The September 12th Washington Post asks if college is a waste of money for most students, particularly with private university costs so often pushing past $200,000 for a bachelors degree... and public universities’ accelerating tuition hikes in an impaired economy. “Hundreds of billions of dollars of national student-loan debt has now overtaken American credit-card debt, the Wall Street Journal recently reported, using numbers compiled by FinAid.org, a Web site for college financial aid information.” The Post. And with that crushing debt hitting in the young adult years and bankruptcy laws revised during better times pretty much eliminating that option for the vast majority of student borrowers, perhaps that is an excellent question… as the jobless rate for recent college grads hasn’t been worse in recent memory.

James Altucher, President of Formula Capital, borrowed himself silly when he attended Cornell University. He believes that for most, such expenses are a waste: “‘There’s a billion other things you could do with your money,’ Altucher says.

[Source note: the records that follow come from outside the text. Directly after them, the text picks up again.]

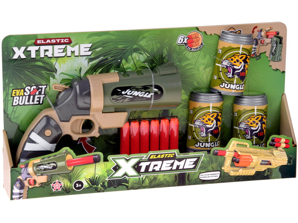 Dzięki automatycznemu magazynekowi na 6 naboi, strzelanie do plastikowych puszek stanie się niezwykle ekscytującym doświadczeniem. Pamiętaj jednak o zasadach bezpieczeństwa - nie celuj w twarz ani oczy, unikaj stosowania zabawki wobec zwierząt i nie używaj jej w miejscach publicznych, gdzie mogłaby przeszkadzać innym.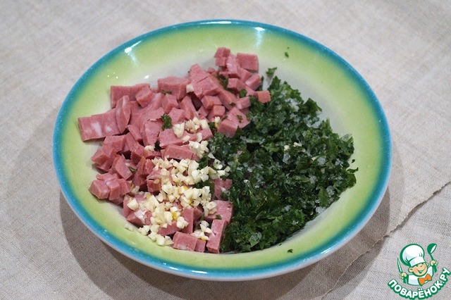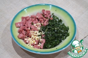 Зелень и чеснок мелко порезать. Колбасу нарезать кубиками
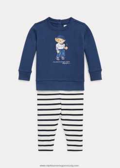 póló medve pulóver és leggings szett 2680488205 baba Ralph Lauren éjszakai sötétkék/fehér multi
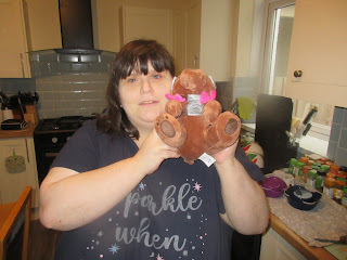 I had a late birthday present from Kelly. It was actually ordered before my birthday, but took a couple of weeks to get here. It’s a cuddly toy of a bear named Trinket. He’s a character from one of the games the Critical Roll group plays. And they, for anyone who doesn’t know, are a group of roleplayers who have videos of their games go up on YouTube and other platforms. Kelly and I both watch them (Kelly more reliably than me) and I love the character of Trinket the bear, so Kelly got me a cuddly toy of him. I mean, who wouldn’t want a cuddly toy of a bear in armour? Anyway, here’s a photo of me cuddling Trinket: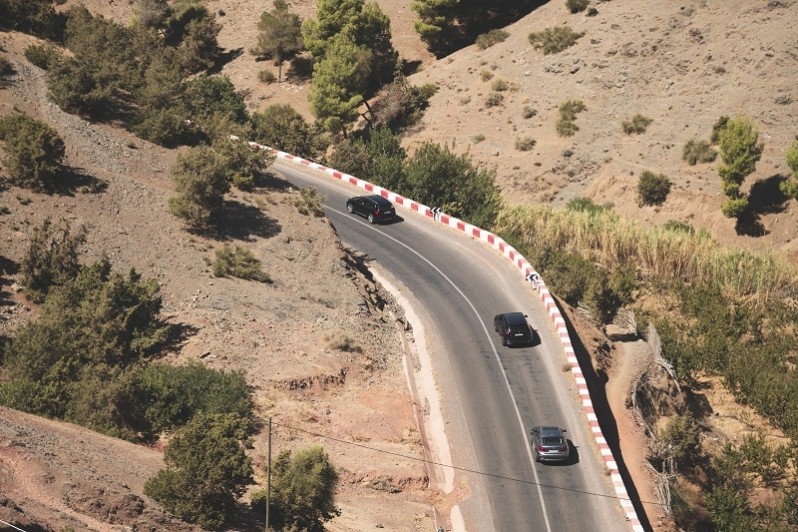 La suite des réjouissances se fait au volant du X4, le “SUV Coupé” compact maison. Nous sommes deux bonnes catégories en dessous, tant en matière de gabarit et de standing qu’en matière de puissance. Mais si le 2.0 l Diesel n’avoue “que” 190 ch, il a suffisamment de ressources pour offrir une conduite active. Surtout, affublé d’une vocation dynamique, ce “Sport Activity Coupé” se dote de suspensions plus fermes et d’un châssis plus agile. Ça tombe bien : il nous sert de monture sur un tronçon sinueux qui remonte les flancs de montagne du Haut Atlas.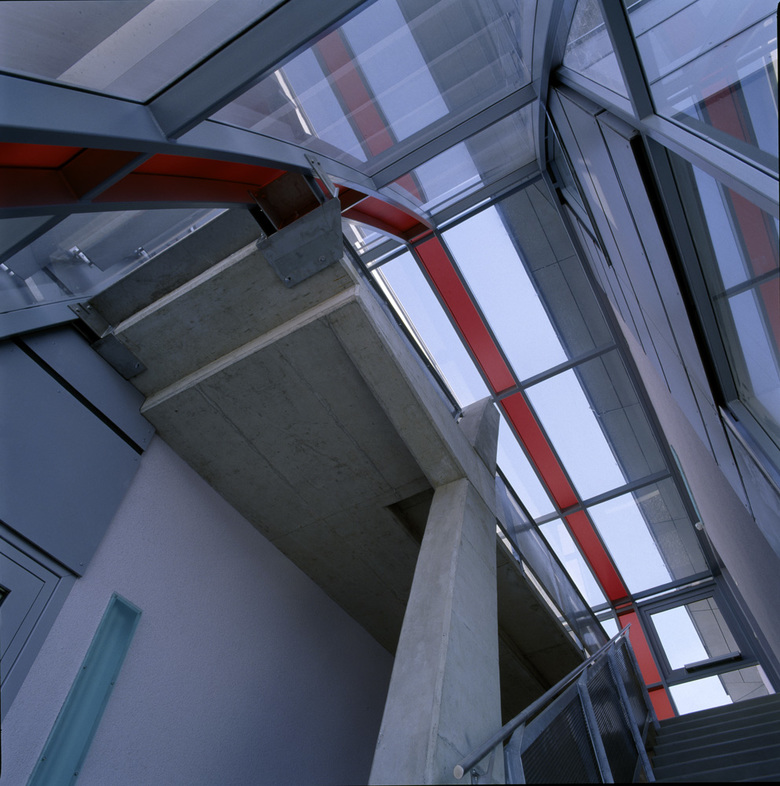 Aufgabe war es, fünf autark benutzbare und eigenständige Funktionsbereiche auf einem topographisch und verkehrstechnisch anspruchvollen Grundstück unterzubringen.

One option: Invest the money you'd spend on tuition in Treasury bills for your child's retirement. According to Altucher, $200,000 earning 5 percent a year over 50 years would amount to $2.8 million.” One tiny catch, James, most folks don’t have $200K lying around and couldn’t borrow that kind of money if their lives depended on it.

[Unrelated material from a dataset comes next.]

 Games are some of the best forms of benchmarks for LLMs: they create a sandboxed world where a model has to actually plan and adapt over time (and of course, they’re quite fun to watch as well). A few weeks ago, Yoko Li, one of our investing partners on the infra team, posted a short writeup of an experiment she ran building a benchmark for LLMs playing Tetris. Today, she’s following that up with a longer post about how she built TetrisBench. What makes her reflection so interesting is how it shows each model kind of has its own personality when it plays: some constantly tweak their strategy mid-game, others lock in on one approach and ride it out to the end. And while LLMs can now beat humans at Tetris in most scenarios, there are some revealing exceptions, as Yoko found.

True, those imbued with focus and entrepreneurial spirit have found dropping out of college to be most lucrative: “Dropouts are the toast of the dot-com world. To the non-degreed billionaires' club headed by Microsoft's Bill Gates (Harvard's most famous quitter) and Apple's Steve Jobs (left Oregon's Reed College after a single semester), add: Michael Dell (founder of Dell Computers, University of Texas dropout), Microsoft co-founder and Seattle Seahawks owner Paul Allen (quit Washington State University) and Larry Ellison (founder of Oracle Systems, gave up on the University of Illinois).” The Post. Yeah, well, for each one of those there are tens of thousands, maybe hundreds of thousands, that didn’t fare so well. Many young folks aren’t ready for work when they leave high school, and there a lot of kids who don’t even get that far.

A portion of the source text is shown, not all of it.